Each case challenges us with some moral complications—gray areas that seem to obviate a black-and-white understanding of the situation. But moral complexity is often mistakenly seen as an impediment to moral clarity. Moral clarity is what prevents us from throwing our hands up at difficult situations and leaving them to the four winds of whatever nameless fate one chooses to believe in”: Karma, God’s will, “everything happens for a reason,” “just desserts.” Moral clarity would tell you that Jane Doe’s solitary confinement is a crime. It would remind you that morality and justice belong to us all, not only to those with the luxury of perfection. It would remind you that no one deserves to die for their mistakes.

The rest can be sorted out, but we must resist the impulse to gin up cyber mob justice that condemns women like McDonald, Dr. V, Doe, or nameless others to death, while also remembering and affirming their humanity. This is what moral clarity is for.

We glory in fictional men whose moral compromises make them complex and interesting characters, blurring the line between “hero” and “anti-hero” into morally bankrupt irrelevance. We get the vapors over dark, brooding, gritty men. But when confronted with real, flesh-and-blood women who have had to make hard choices and whose moral scorecard includes more than a few red marks, suddenly, as if to guiltily make up for all those reruns of Mad Men or House of Cards, we barrage them with eye-for-an-eye invective.

In the cases of Dr. V, and now Jane Doe, this interacts violently with latent transmisogyny in our culture. In our pantheon of stereotypes, trans women are the trickster goddesses: inveterate deceivers forever lurking in the shadows of cisgender life, waiting to be slain once we are exposed to the light. Life imitates art, as they say.

But make no mistake. The fate of these trans women is a sentence that is laid down by our society to many cisgender women as well: Women are expected to be perfect upon our pedestals.
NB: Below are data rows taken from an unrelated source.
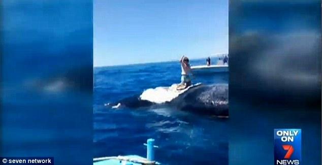 据《每日邮报》2014年11月2日报道,一极限运动爱好者跳上鲸鱼的尸体上后,却意识到周围都是正在啃食鲸鱼的虎鲨。男子发出求救。(网页截图)
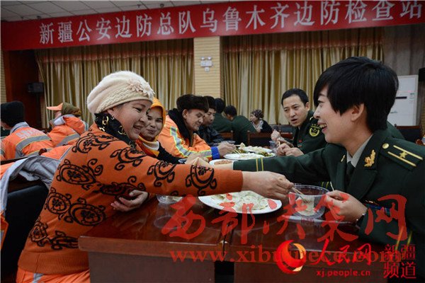 烏魯木齊邊檢站官兵與"親戚"一同包鉸子吃團(tuán)圓飯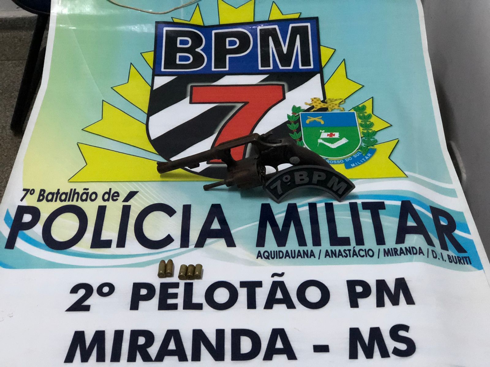 Aquidauana (MS) – Domingo (21), a equipe da Rádio Patrulha de Miranda apreende uma arma de fogo na região central da cidade. Por volta das 23h30min, o centro de operações policiais recebeu denúncias anônimas que havia um homem armado próximo à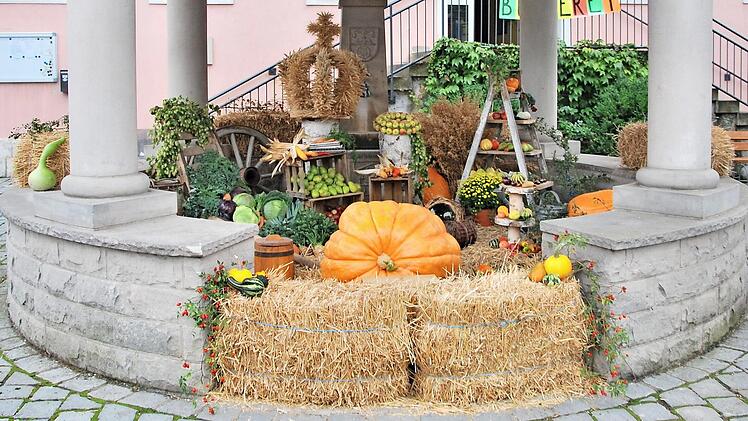 Herrlich geschmückt ist der Brunnen in der Neubrunner Ortsmitte. Passend zum Erntedankfest, das am Sonntag gefeiert wird. Die Frauen des Neubrunner Obst- und Gartenbauvereins haben sich viel Mühe gemacht und den Brunnen für den Erntedank gerichtet. Viele heimische Nahrungsmittel wie Nüsse, Kraut, Äpfel oder Birnen können bewundert werden. Nicht zu übersehen ist der riesige Kürbis in der Mitte. Dazu läuft ein neuer Wettbewerb: Wer kann das Gewicht des Kürbisses am besten schätzen?Am Brunnen liegen Teilnehmerlisten aus, die in die bereitstehende Urne eingeworfen werden sollen. Abgabeschluss ist der 11. Oktober. Die Gewinner werden benachrichtigt. Foto: Ewald Stretz

The trick is that trans women and women of color are forever regarded as inherently imperfect.

Their stories deserve telling. Patriarchy flaws us, demands imperfection as the price of survival, and then condemns us to oblivion our purported immorality. We are not absolved of responsibility for our actions, to the extent our actions may actually be transgressions, but neither should we be condemned to death for them. We all deserve a chance to thrive.

If human dignity means something, then it is surely that.